# House sold: How to cancel TV licence



## dubdub123 (23 Sep 2021)

Ive just closed on a house sale and currently staying with family (who already have TV license).

I pay my TV license via direct debit. Do I need to inform An Post or enough to just cancel the DD?  Thanks


----------



## Leo (23 Sep 2021)

dubdub123 said:


> Ive just closed on a house sale and currently staying with family (who already have TV license).
> 
> I pay my TV license via direct debit. Do I need to inform An Post or enough to just cancel the DD?  Thanks


There's no need to cancel it. There's an option to change the address on an existing license, but they don't cancel or refund licenses.


----------



## Coldwarrior (23 Sep 2021)

I'd just cancel the DD if you're not in a house now that needs a TV license. I always paid in full and found out this year there's no refunds, despite living temporarily for a few months (between houses) in a place that already has a license for the rest of the year.


----------



## dubdub123 (23 Sep 2021)

Im temporarily staying with family and they already have a TV license. Ill just cancel the DD. I had looked online and couldn't see any detail. Thanks!


----------



## dubdub123 (23 Sep 2021)

Ugh, do i need to pay it til renewal date? Read on another thread that would still owe the full year, and can only cancel at renewal. Any ideas?


----------



## SparkRite (23 Sep 2021)

Why not just ask An Post?


----------



## Gervan (24 Sep 2021)

I pay my licence by direct debit. I claimed Household Benefit earlier this year, and was awarded a free TV licence back-dated. to last year.
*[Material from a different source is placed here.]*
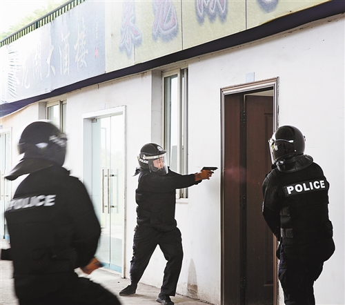 40名参训民警走进模拟街区,每5人一组,2人扮演成持刀或持枪的暴恐分子或进入商场,或躲进巷道,或藏身居民楼区,3人战斗小组按规定流程携带枪支到现场视情处置。

I wrote to the licensing authority to cancel my direct debit but had a reply saying I had to finish the year's payment, then apply for a refund.


----------



## mathepac (24 Sep 2021)

dubdub123 said:


> Ugh, do i need to pay it til renewal date? Read on another thread that would still owe the full year, and can only cancel at renewal. Any ideas?


This is akin to taxing your car and looking for a refund when you sell it mid-term. No can do. Like paying for a driving licence or passport and looking for a refund as you've stopped driving or, in the case of the passport, have no wish to travel or open bank accounts!


----------



## ginslia (24 Sep 2021)

mathepac said:


> This is akin to taxing your car and looking for a refund when you sell it mid-term. No can do. Like paying for a driving licence or passport and looking for a refund as you've stopped driving or, in the case of the passport, have no wish to travel or open bank accounts!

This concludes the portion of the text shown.